Lena Dissin, an official in the U.N. Department of Management, said that the United Nations is taking steps to address the city's concerns but that it is constrained by the high costs of complying with city regulations, particularly since any repairs may have to be torn out once the renovation of the building begins. "We don't have a pot of money," she said. "If we install a fire sprinkler system in the entire building and they will have to be torn out, this is not something the members states will be happy about."
In her letter, Tiven wrote that the city has pressed the United Nations for two years to comply with basic safety standards but that it has failed to respond promptly. She said it took eight months for the United Nations to agree to permit fire inspectors into U.N. headquarters. She faulted the U.N. undersecretary general for management, Alicia Bárcena Ibarra of Mexico, for resolving only 15 percent of the more than 866 safety violations documented by city inspectors in several U.N. facilities. She also complained that Bárcena's schedule for beginning construction after mid-November is "unacceptable."

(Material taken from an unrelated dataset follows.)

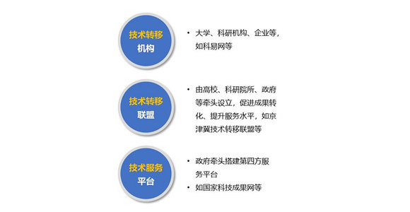 目前我国形成了机构、联盟、平台这样的组织体系,可以提供多样化的服务。机构主要是一个服务主体,包括大学、科研机构、企业等。联盟主要是由高校、科研院所、政府牵头设立的,主要的目的是为了促进成果的转化,比如京津冀的技术人员联盟等。第3个就是平台类的,主要是由政府搭建的第4方服务平台。这些组织机构提供像技术评估、技术推广、需求搜索一直到沟通审核这样一揽子服务,它的核心价值就在于能够促进供需双方的需求高效对接,提高我国的科技成果转化率。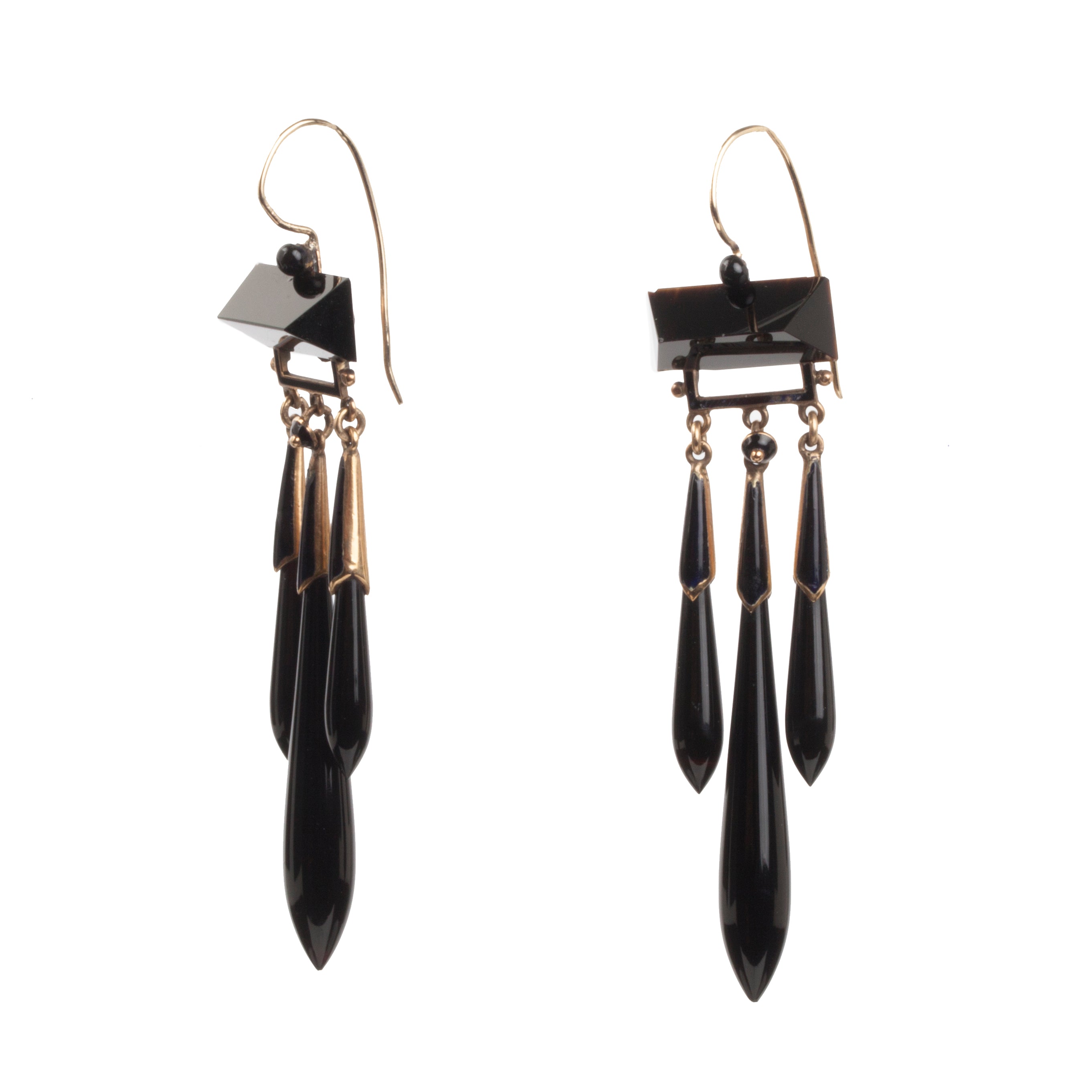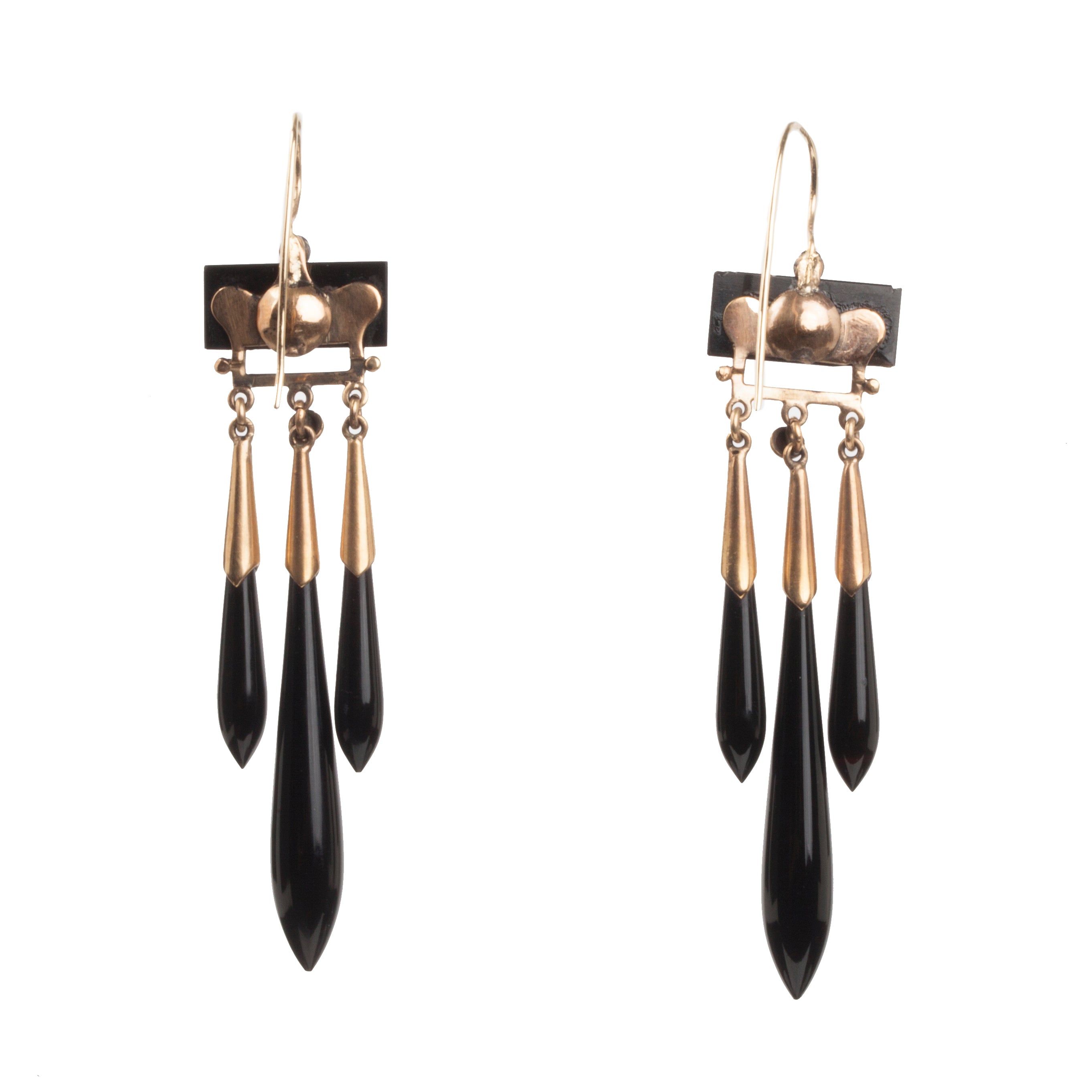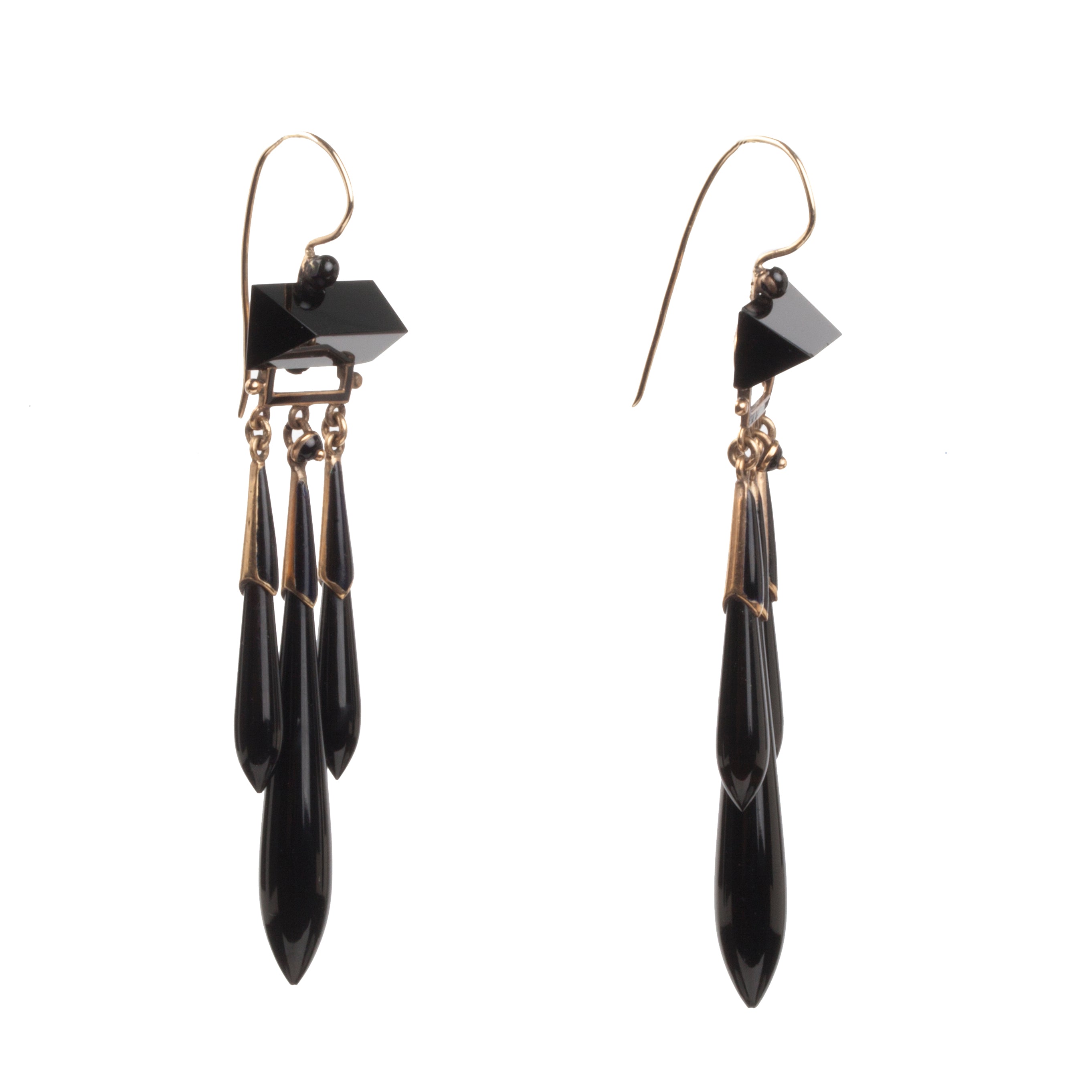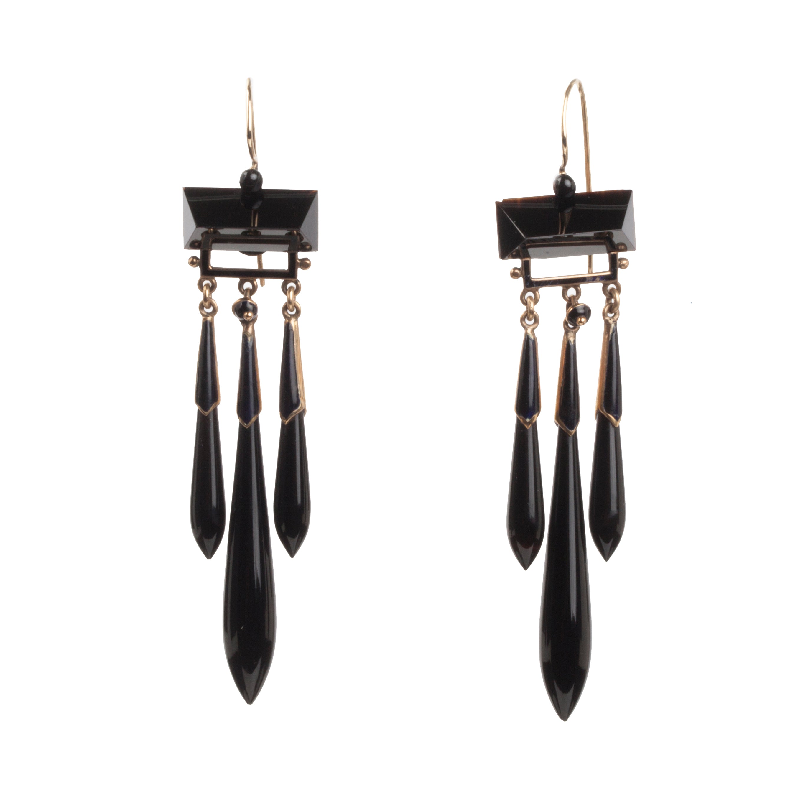 Victorian era onyx and gold earrings. Three drop motif with geometric onyx top and tear drop tassels. On gold french hook earrings. English in Origin, Circa 1870

Tiven's remarks were first reported in the New York Sun last month.
"If a fire or explosion of any kind were to occur at the United Nations, you could not assume that the FDNY [New York Fire Department] has been notified and is sending fire and rescue personnel," Tiven wrote. "It goes without saying that if these issues are not addressed . . . New York City will have no choice but to take such other steps as it deems appropriate to insure safety of would-be visitors and students to, and employees of, the United Nations."
Dissin said that the United Nations has activated a notification system since Tiven's letter arrived and asserted that it will hire a contractor by the end of September to install a smoke detector system. She also said the United Nations has agreed to build fire walls in the building's open spaces to slow the possible spread of fire. "Obviously, we're not moving as fast as Ms. Tiven would like, but we're trying to expedite the process. It is a priority to ensure the safety of all people in this building."
Tiven did not respond to a request for comment.
"New York City wants these issues resolved as quickly as possible, and we're working with the United Nations to do this, but we have not reached an agreement yet," said Stu Loeser, a Bloomberg spokesman. "In particular, we still disagree significantly on the time frame to correct these violations."